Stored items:
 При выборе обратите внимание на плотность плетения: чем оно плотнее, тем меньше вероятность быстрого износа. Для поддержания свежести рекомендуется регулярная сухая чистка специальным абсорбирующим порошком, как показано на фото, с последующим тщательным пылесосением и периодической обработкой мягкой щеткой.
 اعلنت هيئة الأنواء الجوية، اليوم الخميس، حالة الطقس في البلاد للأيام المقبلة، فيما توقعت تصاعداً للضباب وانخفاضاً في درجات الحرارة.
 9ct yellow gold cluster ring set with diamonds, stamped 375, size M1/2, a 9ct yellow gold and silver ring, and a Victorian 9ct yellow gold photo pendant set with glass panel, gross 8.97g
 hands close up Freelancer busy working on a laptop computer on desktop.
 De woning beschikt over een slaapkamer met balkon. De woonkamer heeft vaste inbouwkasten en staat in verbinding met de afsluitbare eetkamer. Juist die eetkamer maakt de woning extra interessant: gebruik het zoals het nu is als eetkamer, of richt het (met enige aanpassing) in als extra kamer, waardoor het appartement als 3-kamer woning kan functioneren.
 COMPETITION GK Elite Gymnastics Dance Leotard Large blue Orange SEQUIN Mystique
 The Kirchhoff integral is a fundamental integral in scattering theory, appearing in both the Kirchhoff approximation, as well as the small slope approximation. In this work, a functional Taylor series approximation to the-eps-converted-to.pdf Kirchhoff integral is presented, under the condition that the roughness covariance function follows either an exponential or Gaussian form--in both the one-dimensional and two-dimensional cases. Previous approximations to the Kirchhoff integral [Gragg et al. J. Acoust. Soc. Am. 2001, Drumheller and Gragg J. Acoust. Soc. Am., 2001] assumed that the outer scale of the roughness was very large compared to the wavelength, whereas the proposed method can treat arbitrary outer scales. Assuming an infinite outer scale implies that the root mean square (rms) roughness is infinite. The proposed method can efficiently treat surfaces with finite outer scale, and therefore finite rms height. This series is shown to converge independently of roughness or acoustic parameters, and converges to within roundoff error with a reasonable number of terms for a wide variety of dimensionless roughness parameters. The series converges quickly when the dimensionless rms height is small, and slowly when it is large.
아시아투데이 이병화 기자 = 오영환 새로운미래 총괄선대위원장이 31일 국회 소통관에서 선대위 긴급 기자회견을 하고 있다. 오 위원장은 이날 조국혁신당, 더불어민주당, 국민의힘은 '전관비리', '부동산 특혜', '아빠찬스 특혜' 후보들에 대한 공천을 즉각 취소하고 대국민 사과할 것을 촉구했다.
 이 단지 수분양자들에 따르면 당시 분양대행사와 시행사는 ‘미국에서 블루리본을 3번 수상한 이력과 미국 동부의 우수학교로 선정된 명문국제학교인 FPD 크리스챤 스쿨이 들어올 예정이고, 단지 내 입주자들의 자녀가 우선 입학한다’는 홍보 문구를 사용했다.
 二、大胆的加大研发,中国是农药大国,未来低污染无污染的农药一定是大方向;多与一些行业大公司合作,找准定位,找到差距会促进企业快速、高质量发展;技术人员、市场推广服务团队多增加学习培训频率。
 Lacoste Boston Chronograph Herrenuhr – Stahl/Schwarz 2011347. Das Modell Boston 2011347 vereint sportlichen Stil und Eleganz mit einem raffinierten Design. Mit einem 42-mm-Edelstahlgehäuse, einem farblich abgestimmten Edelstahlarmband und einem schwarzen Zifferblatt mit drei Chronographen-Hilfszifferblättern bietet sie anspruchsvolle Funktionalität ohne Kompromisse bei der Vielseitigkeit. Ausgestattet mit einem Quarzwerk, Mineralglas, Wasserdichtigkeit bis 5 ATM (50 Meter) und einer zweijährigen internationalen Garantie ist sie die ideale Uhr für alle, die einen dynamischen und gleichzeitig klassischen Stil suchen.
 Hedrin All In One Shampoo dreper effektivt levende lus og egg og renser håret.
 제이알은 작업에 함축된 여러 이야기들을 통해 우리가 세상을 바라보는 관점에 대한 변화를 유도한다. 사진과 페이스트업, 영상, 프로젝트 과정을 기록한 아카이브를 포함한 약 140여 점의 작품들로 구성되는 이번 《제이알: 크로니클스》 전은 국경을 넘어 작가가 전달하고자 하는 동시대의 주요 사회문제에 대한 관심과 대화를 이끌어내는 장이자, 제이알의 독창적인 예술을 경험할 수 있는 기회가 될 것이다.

- [WHAT TO WORK ON]:
Line by line, output the data precisely as shown above.

- [SOLUTION]:
 При выборе обратите внимание на плотность плетения: чем оно плотнее, тем меньше вероятность быстрого износа. Для поддержания свежести рекомендуется регулярная сухая чистка специальным абсорбирующим порошком, как показано на фото, с последующим тщательным пылесосением и периодической обработкой мягкой щеткой.
 اعلنت هيئة الأنواء الجوية، اليوم الخميس، حالة الطقس في البلاد للأيام المقبلة، فيما توقعت تصاعداً للضباب وانخفاضاً في درجات الحرارة.
 9ct yellow gold cluster ring set with diamonds, stamped 375, size M1/2, a 9ct yellow gold and silver ring, and a Victorian 9ct yellow gold photo pendant set with glass panel, gross 8.97g
 hands close up Freelancer busy working on a laptop computer on desktop.
 De woning beschikt over een slaapkamer met balkon. De woonkamer heeft vaste inbouwkasten en staat in verbinding met de afsluitbare eetkamer. Juist die eetkamer maakt de woning extra interessant: gebruik het zoals het nu is als eetkamer, of richt het (met enige aanpassing) in als extra kamer, waardoor het appartement als 3-kamer woning kan functioneren.
 COMPETITION GK Elite Gymnastics Dance Leotard Large blue Orange SEQUIN Mystique
 The Kirchhoff integral is a fundamental integral in scattering theory, appearing in both the Kirchhoff approximation, as well as the small slope approximation. In this work, a functional Taylor series approximation to the-eps-converted-to.pdf Kirchhoff integral is presented, under the condition that the roughness covariance function follows either an exponential or Gaussian form--in both the one-dimensional and two-dimensional cases. Previous approximations to the Kirchhoff integral [Gragg et al. J. Acoust. Soc. Am. 2001, Drumheller and Gragg J. Acoust. Soc. Am., 2001] assumed that the outer scale of the roughness was very large compared to the wavelength, whereas the proposed method can treat arbitrary outer scales. Assuming an infinite outer scale implies that the root mean square (rms) roughness is infinite. The proposed method can efficiently treat surfaces with finite outer scale, and therefore finite rms height. This series is shown to converge independently of roughness or acoustic parameters, and converges to within roundoff error with a reasonable number of terms for a wide variety of dimensionless roughness parameters. The series converges quickly when the dimensionless rms height is small, and slowly when it is large.
아시아투데이 이병화 기자 = 오영환 새로운미래 총괄선대위원장이 31일 국회 소통관에서 선대위 긴급 기자회견을 하고 있다. 오 위원장은 이날 조국혁신당, 더불어민주당, 국민의힘은 '전관비리', '부동산 특혜', '아빠찬스 특혜' 후보들에 대한 공천을 즉각 취소하고 대국민 사과할 것을 촉구했다.
 이 단지 수분양자들에 따르면 당시 분양대행사와 시행사는 ‘미국에서 블루리본을 3번 수상한 이력과 미국 동부의 우수학교로 선정된 명문국제학교인 FPD 크리스챤 스쿨이 들어올 예정이고, 단지 내 입주자들의 자녀가 우선 입학한다’는 홍보 문구를 사용했다.
 二、大胆的加大研发,中国是农药大国,未来低污染无污染的农药一定是大方向;多与一些行业大公司合作,找准定位,找到差距会促进企业快速、高质量发展;技术人员、市场推广服务团队多增加学习培训频率。
 Lacoste Boston Chronograph Herrenuhr – Stahl/Schwarz 2011347. Das Modell Boston 2011347 vereint sportlichen Stil und Eleganz mit einem raffinierten Design. Mit einem 42-mm-Edelstahlgehäuse, einem farblich abgestimmten Edelstahlarmband und einem schwarzen Zifferblatt mit drei Chronographen-Hilfszifferblättern bietet sie anspruchsvolle Funktionalität ohne Kompromisse bei der Vielseitigkeit. Ausgestattet mit einem Quarzwerk, Mineralglas, Wasserdichtigkeit bis 5 ATM (50 Meter) und einer zweijährigen internationalen Garantie ist sie die ideale Uhr für alle, die einen dynamischen und gleichzeitig klassischen Stil suchen.
 Hedrin All In One Shampoo dreper effektivt levende lus og egg og renser håret.
 제이알은 작업에 함축된 여러 이야기들을 통해 우리가 세상을 바라보는 관점에 대한 변화를 유도한다. 사진과 페이스트업, 영상, 프로젝트 과정을 기록한 아카이브를 포함한 약 140여 점의 작품들로 구성되는 이번 《제이알: 크로니클스》 전은 국경을 넘어 작가가 전달하고자 하는 동시대의 주요 사회문제에 대한 관심과 대화를 이끌어내는 장이자, 제이알의 독창적인 예술을 경험할 수 있는 기회가 될 것이다.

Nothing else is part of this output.